Living in Midair: Life as an Undocumented Youth

August 17, 2017

By Lina Maria Lenis Gonzalez

Dreamer ProtestingIn life, there are some experiences that others can try to relate to and genuinely feel sympathy and compassion for but never truly understand unless they’ve lived those experiences themselves. Being undocumented in the land of the free and home of the brave is one of those experiences and marks you forever. For twelve years, I felt like I was living in midair—I considered myself American, but my feet could never touch the ground because the government I so admired didn’t consider me one of its own. Although by textbook definition I am no longer a Dreamer, I will forever call myself one—because Dreamers are a family who relate to each other by the similarity of their scars. We’ve all been marked by the fear that our parents may not come home for dinner, falling victims to the raids. But there is one scar that stands out in all of us: the fear of not being able to attend college.

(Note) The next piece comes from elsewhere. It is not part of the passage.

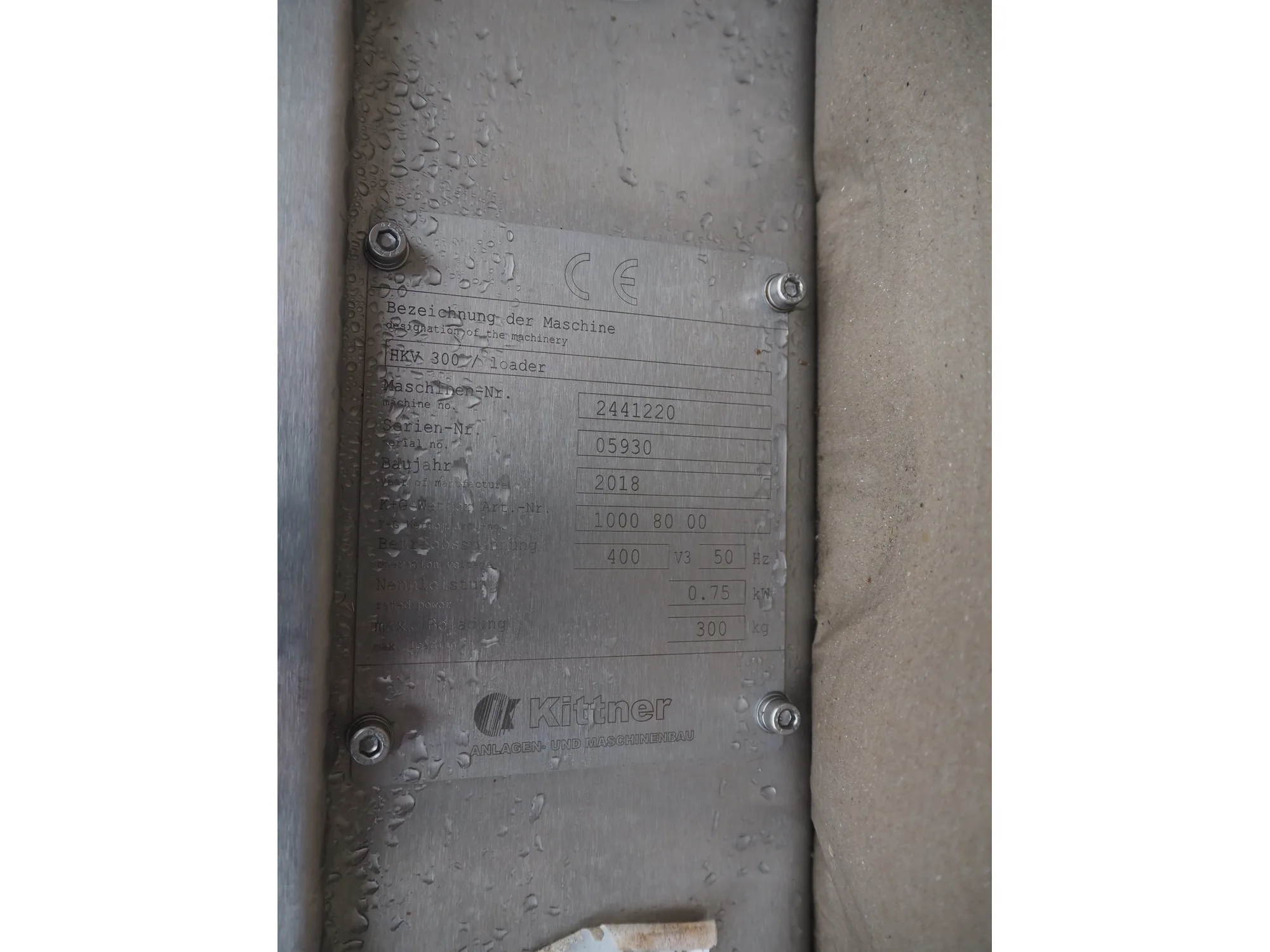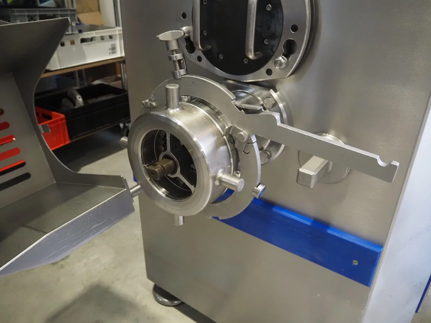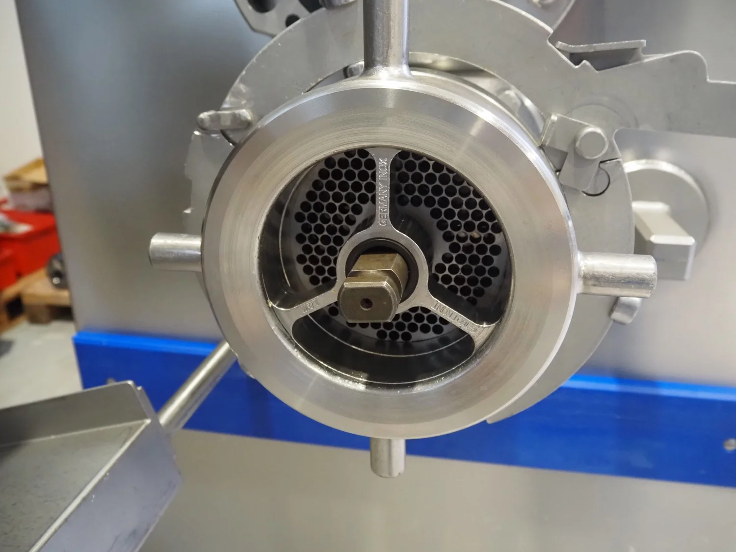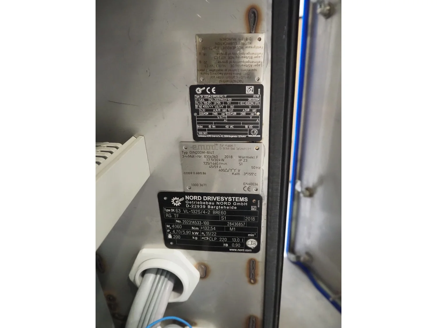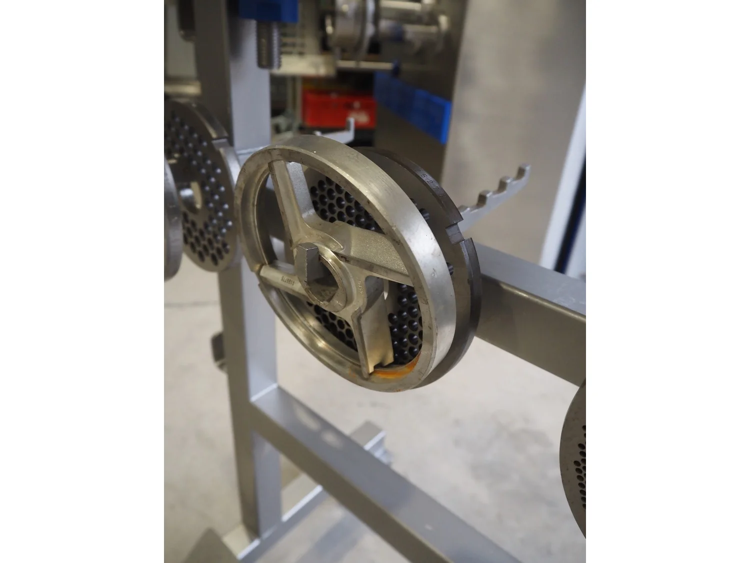 K+G Wetter cooled mixer-grinder, type: MAW G160, machine number: 414/1059, year of construction: 2018, 400 V, 3 Ph, 50 Hz, 72 A, 36 kW, plate diameter: 160 mm, total dimensions: 2400 mm x 1200 mm x 2200 mm. With tool trolley, dimensions: 1000 mm x 600 mm x 1120 mm and lifter for meat bins, lifting height: 2200 mm, dimensions lifter: 3200 mm x 1300 mm x 1200 mm

This fear is all too real because undocumented students cannot apply for federal financial aid (including loans) and are ineligible for instate tuition in most states. Furthermore, they are barred from applying to countless scholarships which require citizenship. And the scholarships that are available to Dreamers typically come in small amounts. These factors, along with the socio-economic realities of the immigrant community, make it nearly impossible for undocumented students to enroll in a four-year college program, much less at the institution of their choice.

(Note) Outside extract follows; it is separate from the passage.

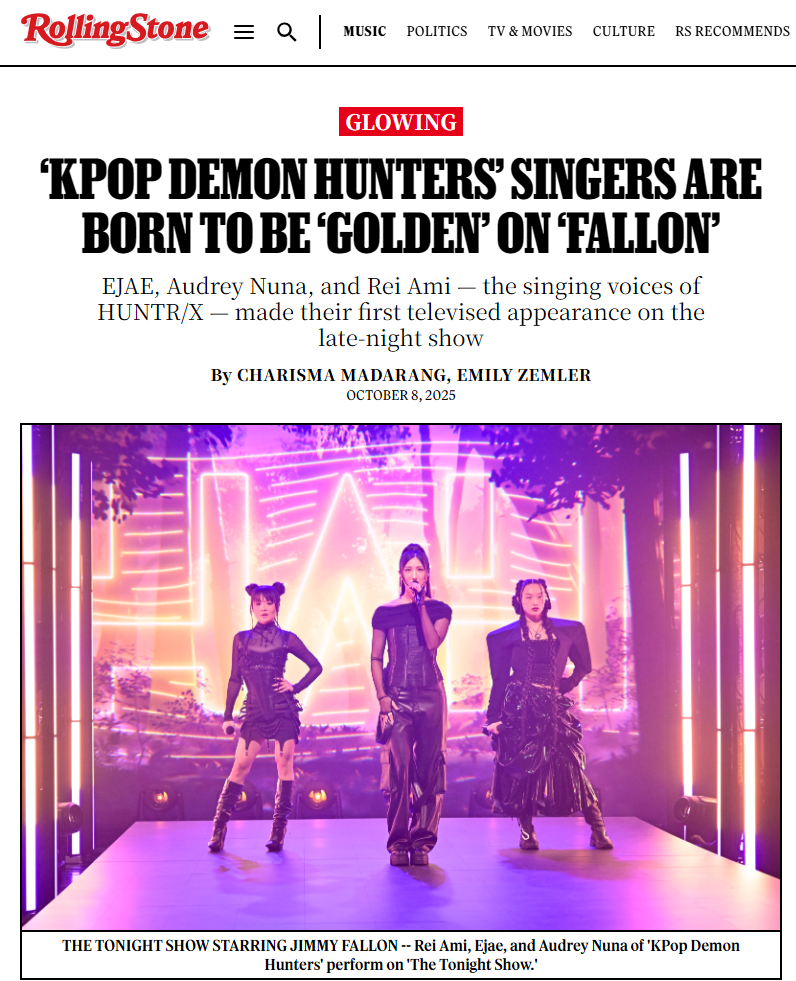 음악 전문 매체 '롤링스톤'은 "'케데헌' 가수들, 지미 팰런쇼에서 '골든'으로 태어났다"는 제목의 보도를 했습니다.
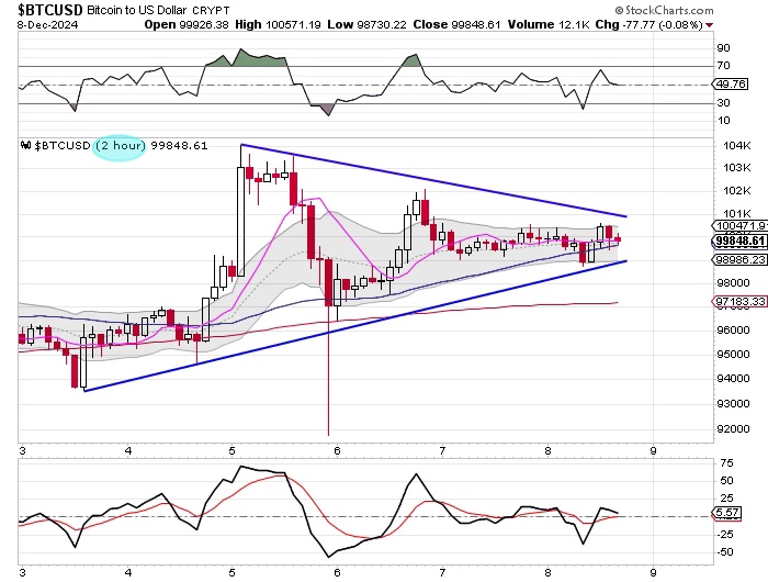 Of course, if you are like me — you could drill down to the 2 hour time frame. Here, we see that the consolidation morphed into a triangle consolidation. A breakout on the 2 hour chart could give us an early read for the longer timeframe.

Until my senior year of high school, the odds were against my attending college. In my entire life, I have never feared anything more. My parents always painted a picture in my mind of what higher education could mean for me and my future. I yearned to know what it would feel like to move into a dorm room, sit in a large college lecture hall, and graduate as my parents cry tears of joy from the audience. The agony I felt over the thought of never getting the opportunity to experience these things is something that only undocumented youths and their parents can truly understand.

Although the DACA program made it possible for many undocumented youths to experience college, they still cannot walk with their feet firmly planted on the ground because not only is DACA temporary, but based on this administration’s actions on immigration, it will likely to be taken away.

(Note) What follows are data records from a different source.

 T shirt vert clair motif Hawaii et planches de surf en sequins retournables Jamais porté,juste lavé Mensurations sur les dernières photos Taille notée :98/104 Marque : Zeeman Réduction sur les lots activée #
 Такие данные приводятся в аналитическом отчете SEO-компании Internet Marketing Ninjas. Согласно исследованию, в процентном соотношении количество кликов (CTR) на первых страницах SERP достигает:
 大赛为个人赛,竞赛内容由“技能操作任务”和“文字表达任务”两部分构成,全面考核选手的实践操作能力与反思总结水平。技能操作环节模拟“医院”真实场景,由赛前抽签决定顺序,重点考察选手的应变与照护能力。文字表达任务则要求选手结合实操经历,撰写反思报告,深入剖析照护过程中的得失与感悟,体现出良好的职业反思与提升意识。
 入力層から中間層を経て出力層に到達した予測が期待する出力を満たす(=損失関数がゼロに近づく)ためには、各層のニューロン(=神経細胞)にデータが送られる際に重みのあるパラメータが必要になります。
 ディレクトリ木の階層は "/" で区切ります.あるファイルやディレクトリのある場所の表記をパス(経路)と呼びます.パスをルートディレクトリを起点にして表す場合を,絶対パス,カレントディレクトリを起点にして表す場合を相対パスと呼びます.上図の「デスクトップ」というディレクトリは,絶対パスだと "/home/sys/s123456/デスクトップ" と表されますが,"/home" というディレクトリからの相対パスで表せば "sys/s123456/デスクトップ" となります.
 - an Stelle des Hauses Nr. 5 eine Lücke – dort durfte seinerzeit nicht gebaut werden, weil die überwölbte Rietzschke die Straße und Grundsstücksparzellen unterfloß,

Legislators have for a long time failed to heal this community, but justice is just a bill away. Different versions of the Dream Act have existed since 2001, and fundamental portions remain, but the Dream Act of 2017 offers unprecedented features. The greatest differences are that it expands eligibility to those who entered the United States before the age of 18 and allows DACA recipients to automatically receive Conditional Permanent Resident Status. Also, the Dream Act of 2017 would repeal part of the Illegal Immigration Reform, and Immigrant Responsibility Act of 1996, which dissuades states from offering instate tuition privileges to undocumented individuals. These variations may appear minor, but they are grand concessions for the thousands gaining new opportunities.

Some people may tell you that the Dream Act will allow undocumented youths to “cut in line.” Our immigration system is not as simple at that, and neither is this proposal. Upon meeting the eligibility requirements, the applicant is granted Conditional Permanent Resident (CPR) status. This is an element of the Dream Act that many Americans are unaware of as it is not as well communicated. After eight years with CPR status, the applicant must have completed two years of schooling at an institution of higher education, have served in the military, or have been employed for three years to be awarded Lawful Permanent Resident (LPR) status. This step opens the doors to citizenship. For these reasons, lawmakers often say that the Dream Act creates “a path to citizenship” because it would take many years, processes, and fees to obtain.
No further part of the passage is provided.